What to work on: The line containing "上映時間：各日10時00分～20時30分 ※毎時00分と30分に各回約5分間 投影" marks the end: extract everything from the first line of the data through that line, exactly, with no pictures.

Entries shown:
§

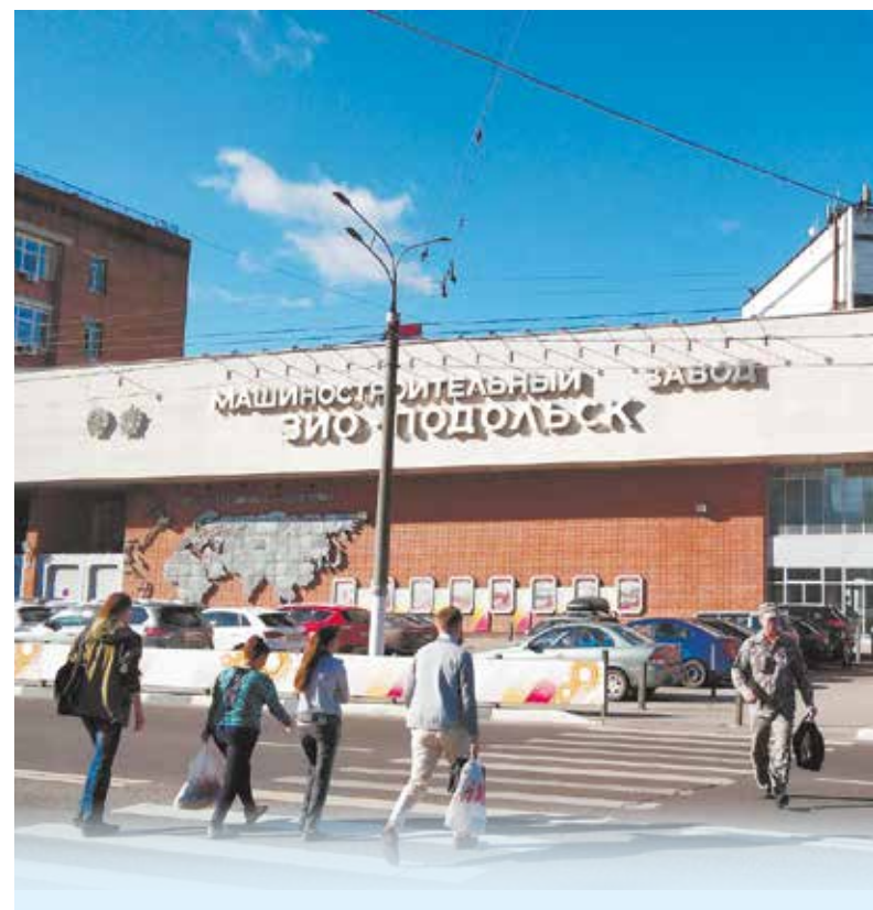
ЗиО-Подольск – крупнейший производитель высокосложного оборудования для предприятий ТЭК: атомных и тепловых станций, нефтяной и газовой промышленности, а также судостроения

Сегодня ПАО «Машиностроительный завод «ЗиО-Подольск» – флагман российской индустрии,
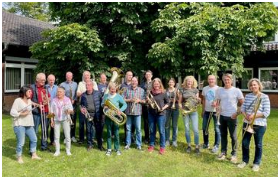
Bläserensemble an der Apostelkirche Münster, 22 Mitwirkende
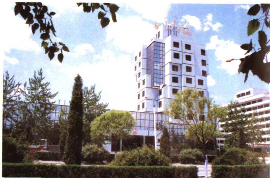
中国银行秦皇岛分行
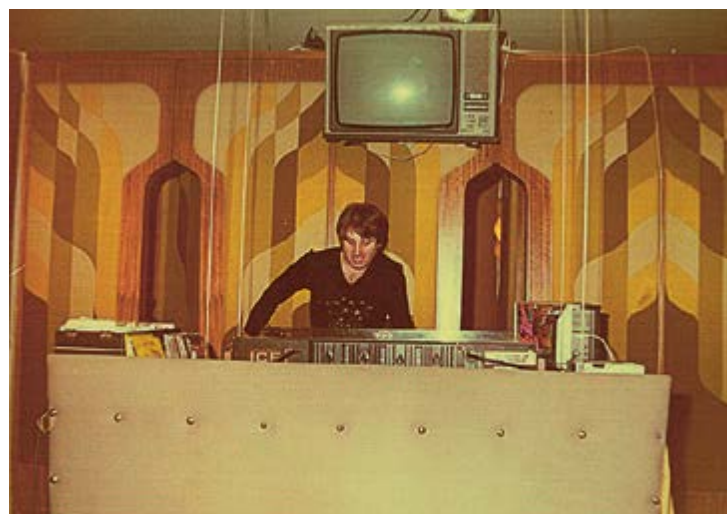
V Interhotelu Corso v Mariánských Lázních, kde působil od konce 70. let.
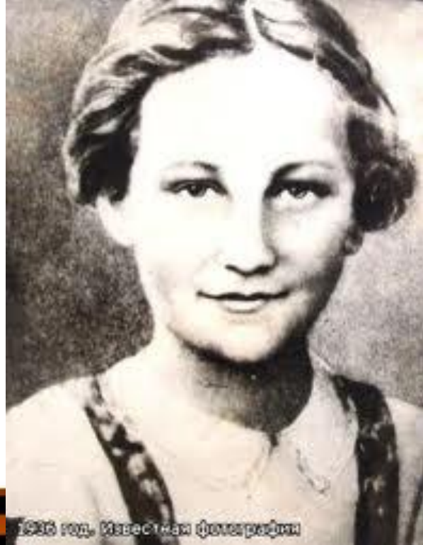
1936 год. Известиям фотографии
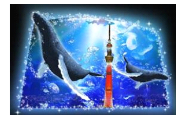
「小笠原から実物大クジラがやってきた!」

展示名：大水槽プロジェクションマッピング 『小笠原から実物大クジラがやってきた!』 上映期間：2014年11月5日(水)～2015年1月12日(月・祝) 上映時間：各日10時00分～20時30分 ※毎時00分と30分に各回約5分間 投影 上映場所：「東京大水槽」 上映内容：世界自然遺産・小笠原諸島の海を再現した高さ6メートル幅9メートルの「東京大水槽」で、体重30トン・全長15メートルの小笠原のザトウクジラが、プロジェクションマッピングで再現されます。
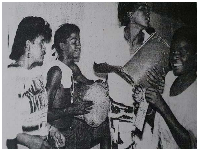
Imagem 1: Alunos na Escola de Educação Juvenil Tia Ciata-Rio de Janeiro
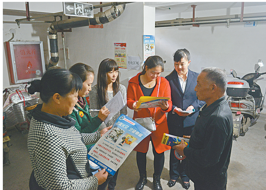
10月27日,在湛河区马庄街道南社区一小区车棚内,社区工作人员在充电区域为居民讲解电动自行车充电时的注意事项。

10月20日,我市召开电动自行车火灾防范专项治理工作会议,会议就全力整治我市电动自行车违规停放、违规充电、非法改装等乱象进行部署。
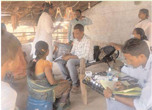
వినియోగించే చెలిమే త్రాగు నీటిని పరీక్షించారు, నీరు స్వచ్ఛమైనప్పటికీ ఆరోగ్య దృష్ట్యా వేడి చేసి చల్లార్చిన నీటిని సేవించాలని సూచించారు. గర్భిణీ

జిల్లా కలెక్టర్ ఇలా త్రిపాఠి గిరిజనులు వడదెబ్బ తగలకుండా జాగ్రత్తలు పాటించాలి గుండెంగవాయి గుత్తి కోయ గిరిజనులకు వైద్య పరీక్షలు నిర్వహించిన వైద్యాధికారులు
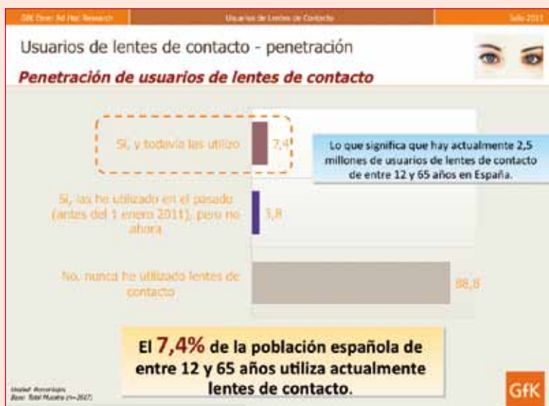
Figura 1. ¿Ha utilizado usted alguna vez lentes de contacto?
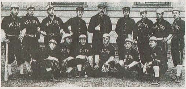
黒いユニホームを着た明星商の選手たち
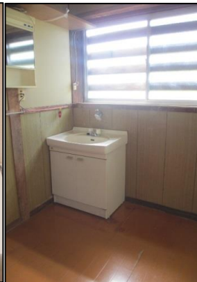
洗面所・洗濯機置
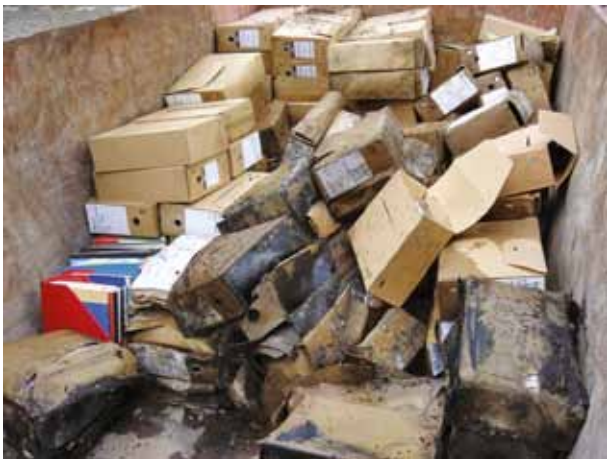
Brand Technische Universiteit Delft

De archiefruimte voldeed niet aan alle archiefwettelijke eisen. Er was geen calamiteitenplan voor de archieven opgesteld. Men beschikte niet over een volledig en betrouwbaar bestandsoverzicht van de aanwezige archieven. De universiteit brengt in kaart welke archiefdelen de brand hebben doorstaan en hoe deze hersteld kunnen worden. De Erfgoedinspectie ziet erop toe dat adequate maatregelen worden getroffen.
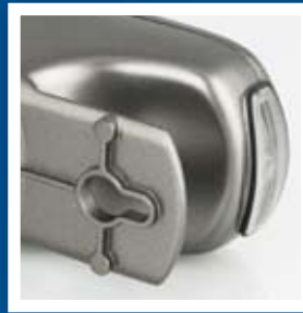
Puede estar colgado o fijado a una pared.
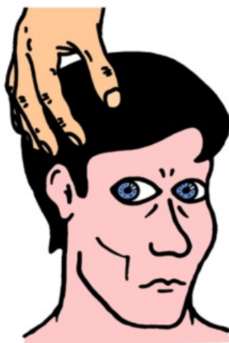
neporušený kmen deviace bulbů proti směru pohybu hlavy
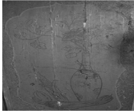
圖 4：新北市新莊區廣福宮
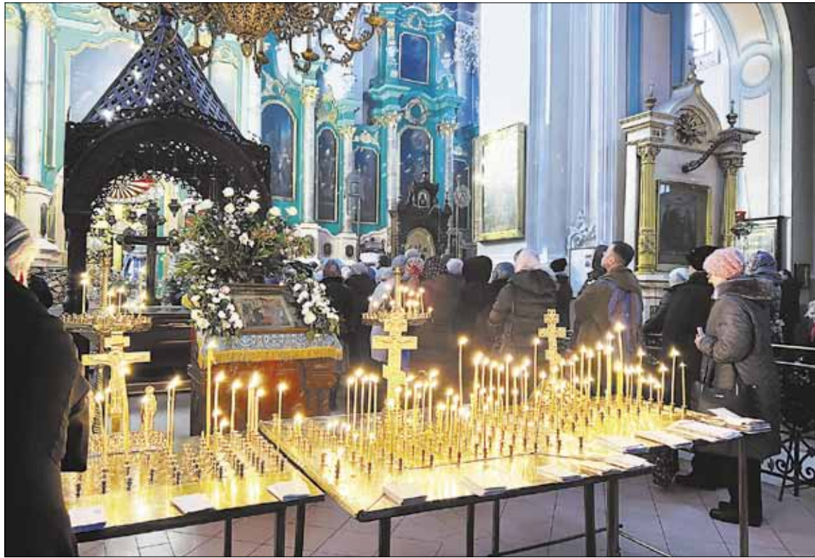
► Tėvų šeštadienis Šv. Dvasios vienuolyne.

— Per išpažintį kunigas paklausė, ar aš kokiam nors žmogui nejučiu blogų jausmų. Atsakiau, kad nejučiu, nors iš tikrųjų neįmanoma pasiekti, kad būtum beaistris su aplinkiniais, tarsi angelas. Kaip patartumėte atsakyti į minėtą dvasininko klausimą, jeigu jis vėl bus užduotas?
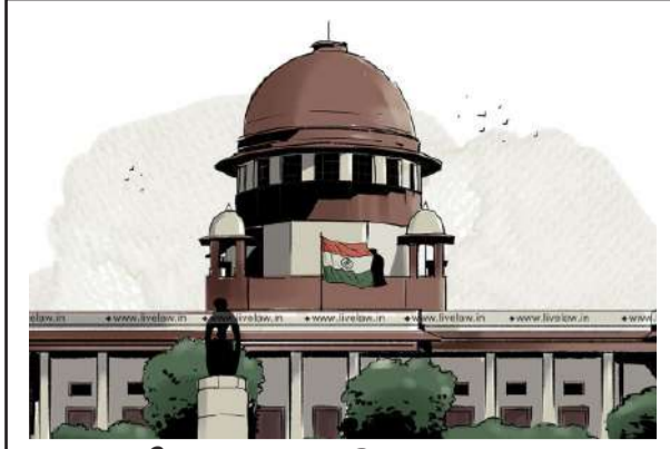
నీట్ పీజీ కటాఫ్ తగ్గింపుపై కేంద్రానికి సుప్రీం నోటీసు >> 3లో
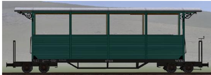
GWP 22 Bj 1995/98 – 07-110n – halboffener Wagen (Modellname: WEM_Personenwagen_07_110n – enthalten in: V70NKK10014)

§

Expected output:
ЗиО-Подольск – крупнейший производитель высокосложного оборудования для предприятий ТЭК: атомных и тепловых станций, нефтяной и газовой промышленности, а также судостроения

Сегодня ПАО «Машиностроительный завод «ЗиО-Подольск» – флагман российской индустрии,
Bläserensemble an der Apostelkirche Münster, 22 Mitwirkende
中国银行秦皇岛分行
V Interhotelu Corso v Mariánských Lázních, kde působil od konce 70. let.
1936 год. Известиям фотографии
「小笠原から実物大クジラがやってきた!」

展示名：大水槽プロジェクションマッピング 『小笠原から実物大クジラがやってきた!』 上映期間：2014年11月5日(水)～2015年1月12日(月・祝) 上映時間：各日10時00分～20時30分 ※毎時00分と30分に各回約5分間 投影 上映場所：「東京大水槽」 上映内容：世界自然遺産・小笠原諸島の海を再現した高さ6メートル幅9メートルの「東京大水槽」で、体重30トン・全長15メートルの小笠原のザトウクジラが、プロジェクションマッピングで再現されます。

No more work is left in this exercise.